Sí, para imágenes ordinarias y de bajo riesgo. No la uses como primer canal para material de cliente, privado, regulado o difícil de recrear si necesitas una política formal de carga, borrado y soporte.
Son seguros los editores gratuitos externos?
Pueden servir para pruebas con imágenes reemplazables. Para archivos valiosos, deben explicar modelo, ruta, conservación, borrado, derechos, límites, soporte y fallos antes de recibir la imagen.

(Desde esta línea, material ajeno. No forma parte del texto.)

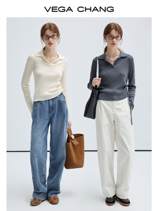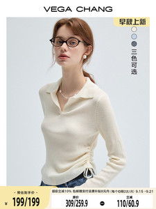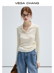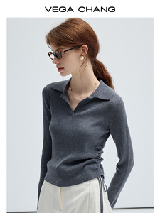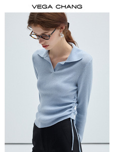 VEGA CHANG针织衫女2025春秋新款显瘦设计感抽绳polo领长袖上衣

Cuándo conviene usar la API oficial?
Cuando la edición entra en un producto, una herramienta interna, un lote de archivos o una entrega a clientes. La API ofrece registros, reintentos, control de coste e integración que una interfaz manual no da.
Una ruta Flash puede bastar en lugar de Pro?
Sí, para muchas ediciones de bajo riesgo. Pro se justifica cuando hay texto, marca, escenas complejas, detalle fino o reutilización del resultado. Primero valida dirección con menor coste y sube de ruta cuando el error tenga precio real.